Only entitled users are allowed to vote.
No user shall vote more than once.
The fact of whether a particular user voted can be public, the voting content shall be anonymous.
Every user must be able to formally confirm that their particular vote is represented correctly.
Only confirmed votes are counted.
One single entity with malicious intents should not be able to commit unnoticed fraud.

How it works (regular case)

S1{a,b} generate $N partial voting authorization tokens (→ pVAT1a-list, pVAT1b-list).
S1{a,b} generates $N anonymous email addresses (AEAs) like anonymous-$j@{a,b}-voting.org and associates them randomly to the $N official user addresses via email forwarding (S1a and S1b each must run an indendent mail server). The association table is kept secret by S1{a,b}. Especially S2 is not allowed to know the associations.
S1{a,b} sends the list of all pVATs and all AEAs to S2.
S2 also generates $N pVATs. Then S2 creates triples by random combination ($pVAT1a, pVAT1b, $pVAT1c) and thereby forms a list of complete voting authorization token (VATs).
S2 also generates $N confirmation tokens of kind A (CT-A).
S2 associates randomly one VAT and one CT-A. This mapping is kept secret by S2, especially to S3.
S2 create a message containing:
- one VAT
- one CT-A
- some random data (used as salt)
S2 encrypts this message with the public keys of all users. The encrypted message is split up into two blocks (block-A, block-B).
S2 Sends block-{A,B} to anonymous-$j@{a,b}-voting.org.
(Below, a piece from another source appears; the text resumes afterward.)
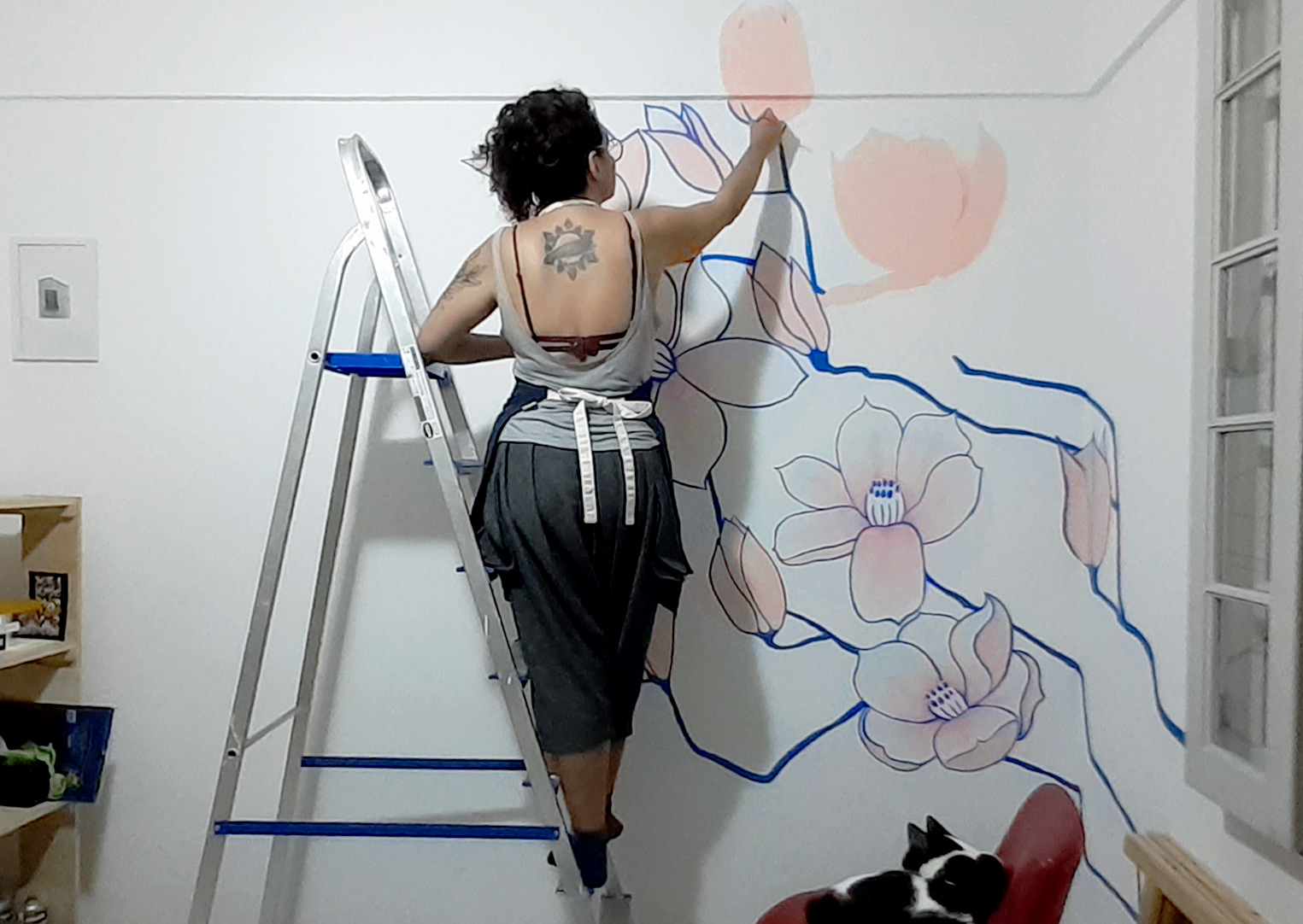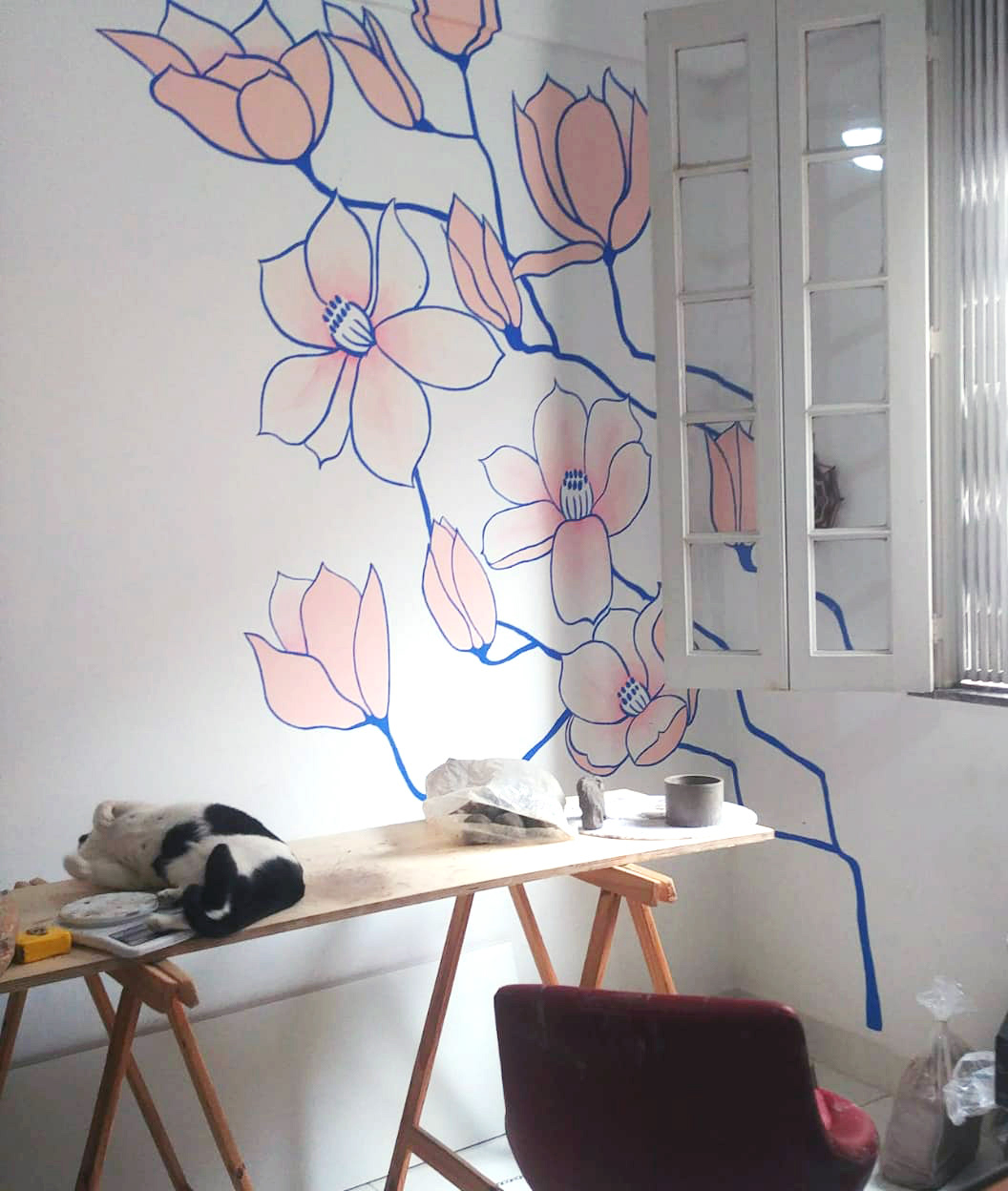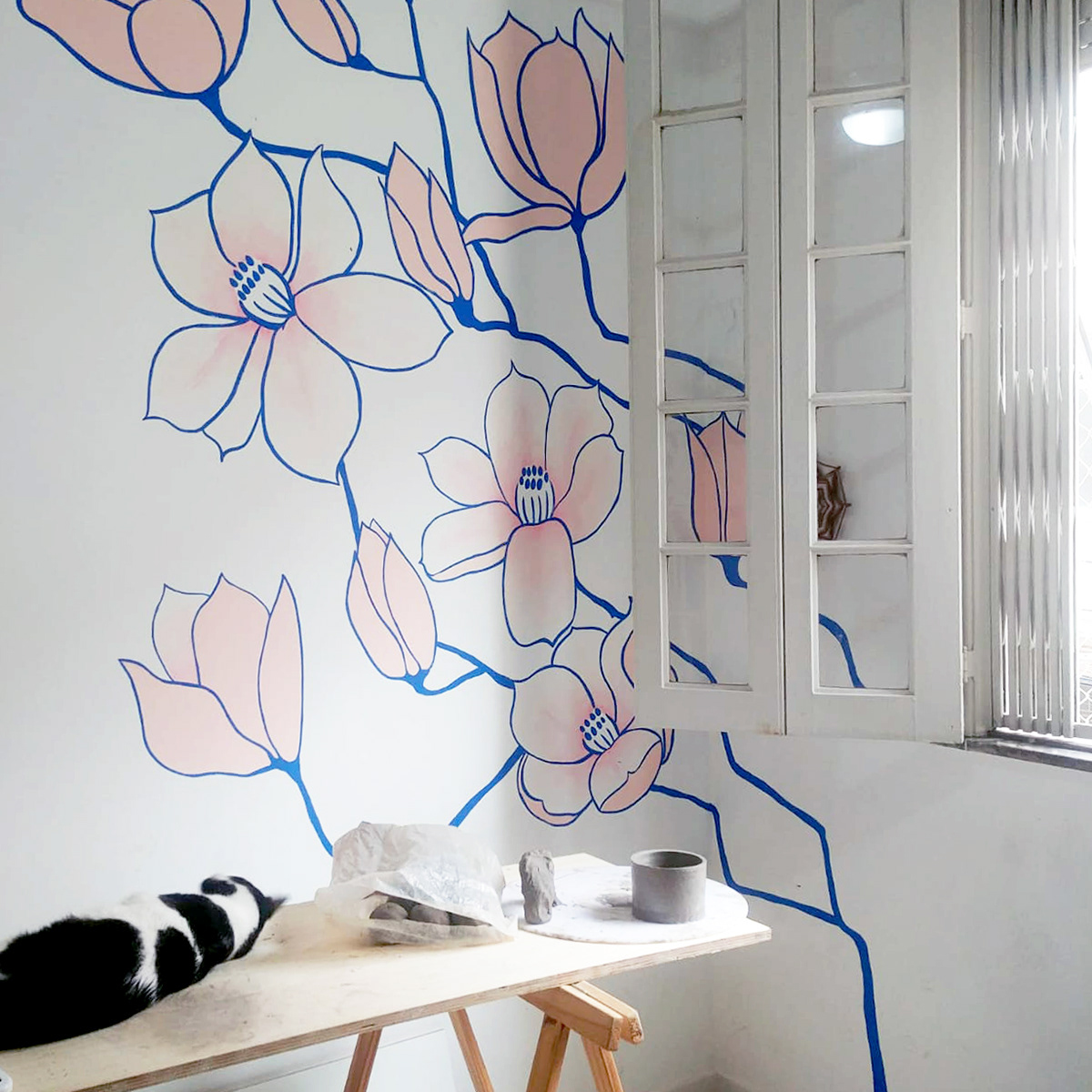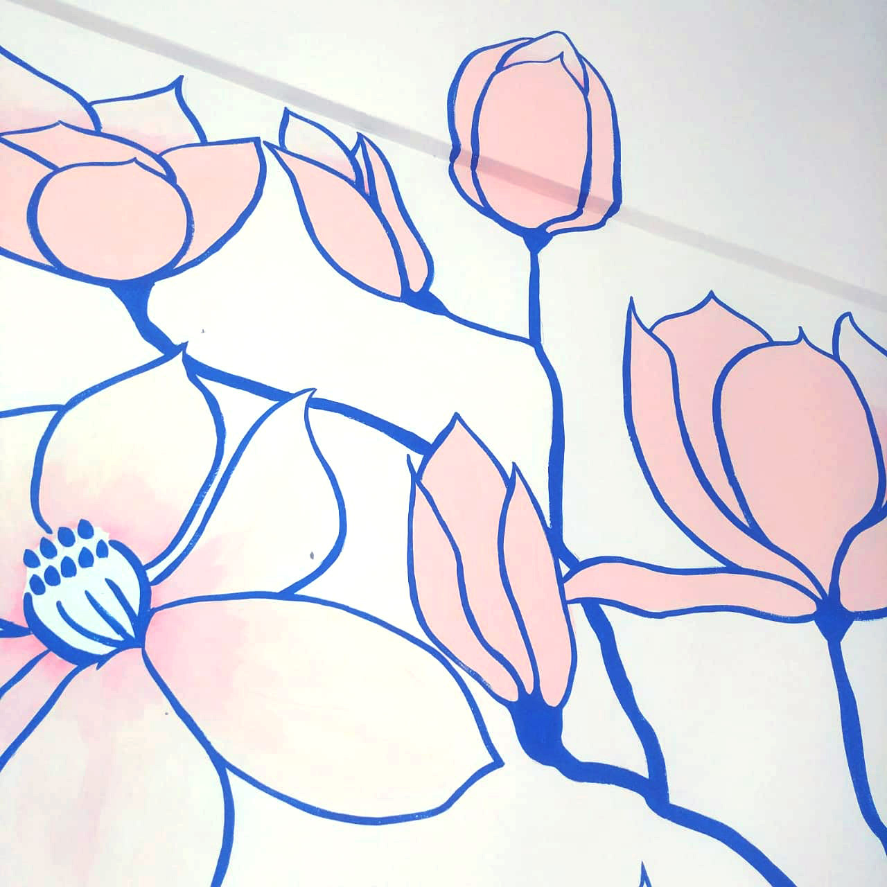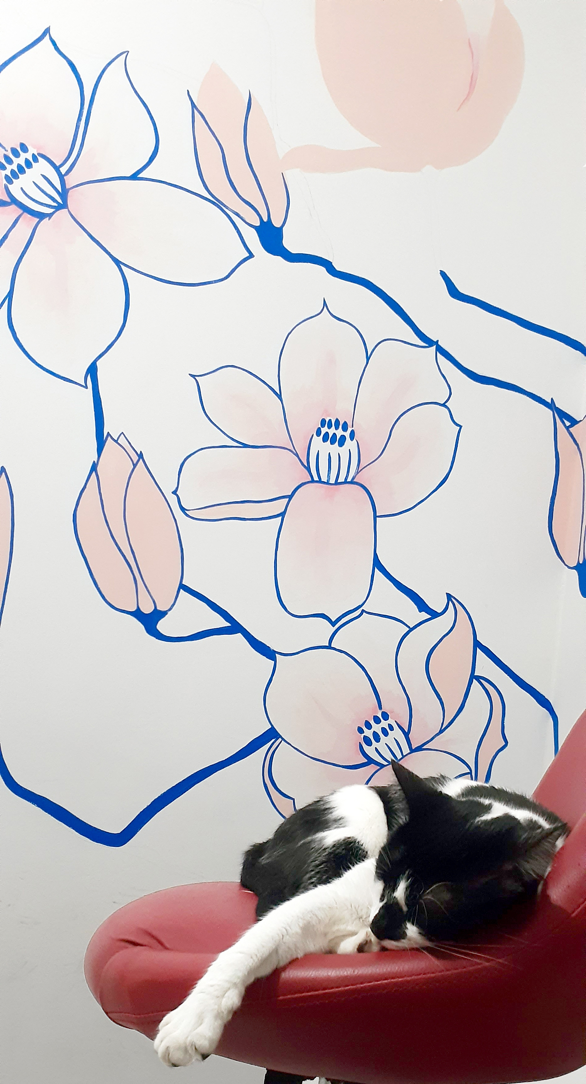 Mural done indoors, by freehand, with magnolias blossoming across the wall and going up to the ceiling.
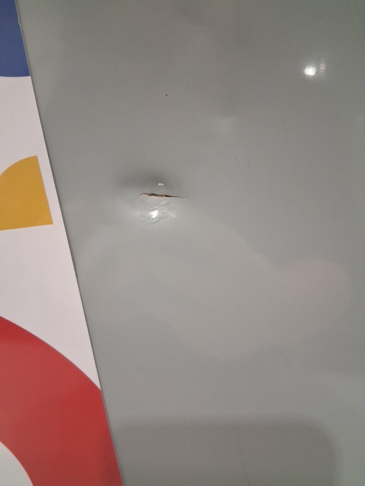 THERE IS A DENT IN THE ITEM FROM SHIPPING (SEE PHOTOS)

Thus S1{a,b} sees only part of the encrypted data. Each email is signed with the official signature of S2.
User $k receives two encrypted emails, one via S1a, the other via S1b, each sent and signed by S2. They combine the blocks and decrypt it with their own private key. Thus the user obtains a VAT and a CT-A.
User $k clones the GR and makes an anonymous commit with a new text file (votes/$VAT) containing "$VOTING_CONTENT". The VAT ist unique and can be used as filename. The CT-A might be used later.
User $k pushes this commit over an anonymous connection (via tor) to the incoming branch of GR.
- Alternatively, they could send a patch to GR via an encrypted anonymized email.
S{1a,1b,2} confirms that the commit contains a valid pVAT from its pVAT{1a,1b,2}-list and pushes it to the confirmed-pVAT{1a,1b,2} branch (one after another).
GR confirms that the other servers have confirmed the VAT and pushes the commit to the main branch.
User $k updates their version of the repo (git pull) and checks that their vote is correctly represented in the main branch.
After a random time delay (say 0.5 to 10 minutes) user $k commits a new text file (confirmations/$RANDOMNAME) containing: "My vote is correctly represented.", signs this commit with their private key, and pushes it to the incoming-branch. Due to the signature, this commit is non-anonymous. But it is unrelated to the actual voting.
GR formally checks this commit (spam prevention) and pushes it to the main branch.

Result and Remarks

After the voting interval is over the GR contains $n1 votes, where $n1 <= $N and the difference is assumed to have voluntarily not voted. It also contains $n2 confirmations where 0 <= $n2 <= N. If all users acted as they should we have $n1 = $n2.
The CT-A is needed only for confirmation of VTA (see below).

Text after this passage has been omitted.